Reputation: 49
I am facing an issue related to a project of mine. Here is the summary of what i would like to do :
I have multiple files to process daily (2Go each) with the following extract (no header) :
{"id":"abcdefg","key1":{"key2":{"audiences":{"aud1":1599033396,"aud2":1599030775},"segments":{"seg1":1599033245,"seg2":1599030764,"seg3":1599030764,"seg4":1599030188}}}}
I would like to get this result using bigquery :
id|audiences|segments
abcdefg|aud1|seg1
abcdefg|aud1|seg2
abcdefg|aud1|seg3
abcdefg|aud1|seg4
abcdefg|aud2|seg1
abcdefg|aud2|seg2
abcdefg|aud2|seg3
abcdefg|aud2|seg4
Where the first column contains the value of the key id and the second and third columns contain all the possible combinations between the audiences (keys) and the segments (keys) (in other words, what are the segments contained in each audience).

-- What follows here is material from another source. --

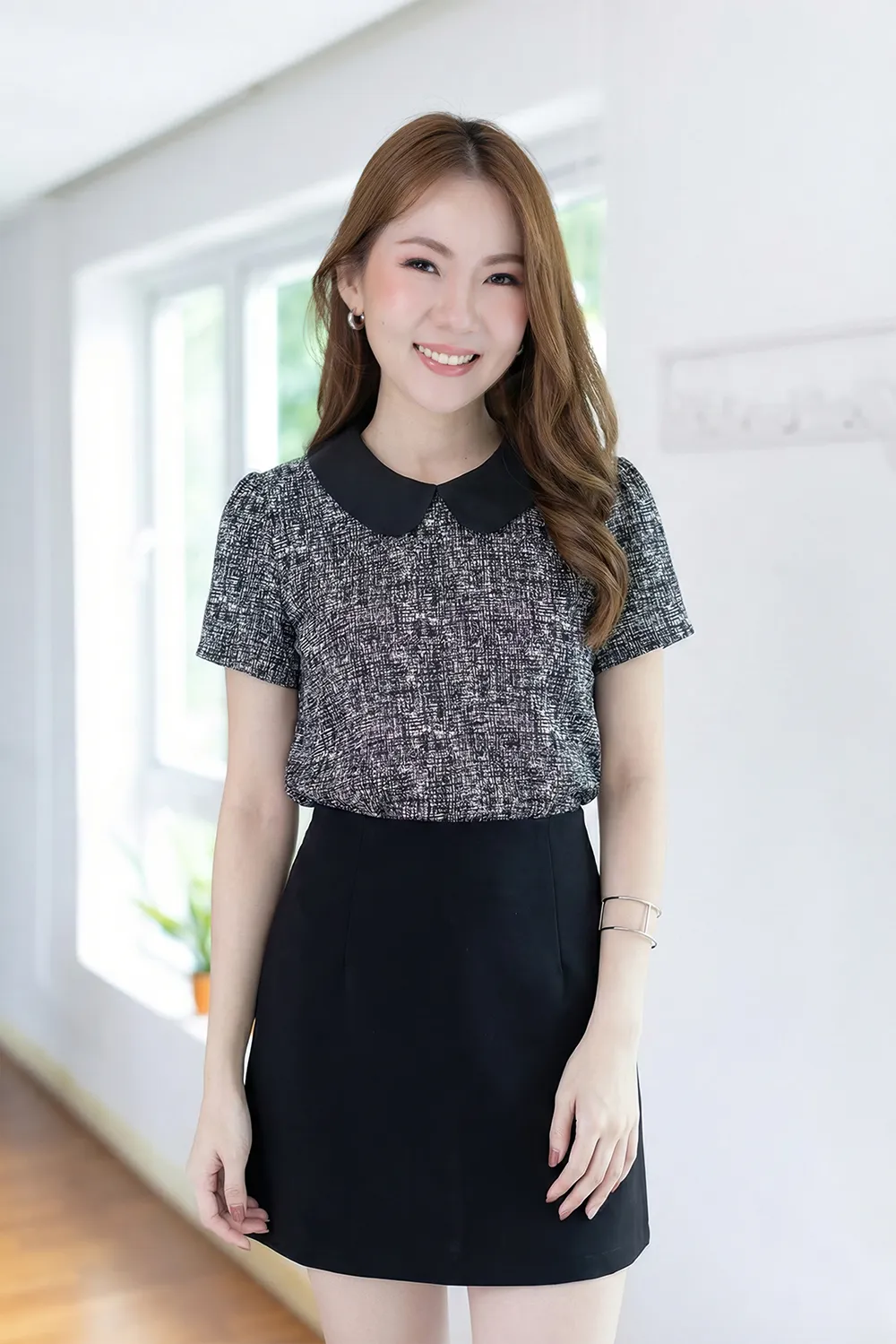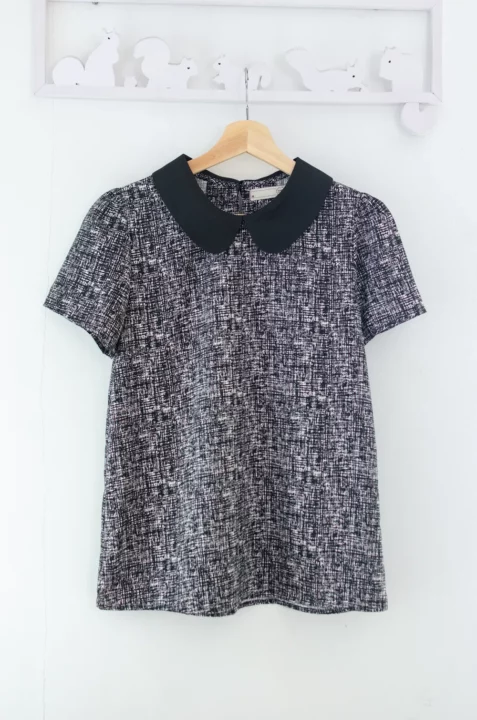 เสื้อสวยเรียบร้อย พิมพ์ลายกราฟิก ต่อปกบัวสีพื้น ผ่าหยดน้ำติดกระดุมคอด้านหลัง แขนสั้นจับจีบหัวไหล่เบาๆ ใส่ทำงานทรงสวย ผ้าเนื้อดี นิ่มสบาย ใส่สวยตลอดกาลเลยค่ะ

I would like to do this in order to calculate the number of ids in each segment on each audience.
This is totally feasible with some loops and JSON parsing. However, since i need this to be processed fast, i am thinking to use bigquery in order to achieve this task.
I have a first script that uploads the file in a bq table (every line is a string) and extracts the fields but i do not know how to get the final result.
Is there any way to do this ?
Thanks to all for your help.
Regards
Upvotes: 0
Views: 1030
Reputation: 173171
Below is for BigQuery Standard SQL
#standardSQL
SELECT
JSON_EXTRACT_SCALAR(line, '$.id') id,
TRIM(SPLIT(aud_kv, ':')[OFFSET(0)], '"') audiences,
TRIM(SPLIT(seg_kv, ':')[OFFSET(0)], '"') segments
FROM `project.dataset.table`,
UNNEST(SPLIT(TRIM(JSON_EXTRACT(line, '$.key1.key2.audiences'),'{}'))) aud_kv,
UNNEST(SPLIT(TRIM(JSON_EXTRACT(line, '$.key1.key2.segments'),'{}'))) seg_kv
if to apply to sample data from your question - output is
Row id audiences segments
1 abcdefg aud1 seg1
2 abcdefg aud1 seg2
3 abcdefg aud1 seg3
4 abcdefg aud1 seg4
5 abcdefg aud2 seg1
6 abcdefg aud2 seg2
7 abcdefg aud2 seg3
8 abcdefg aud2 seg4
Upvotes: 2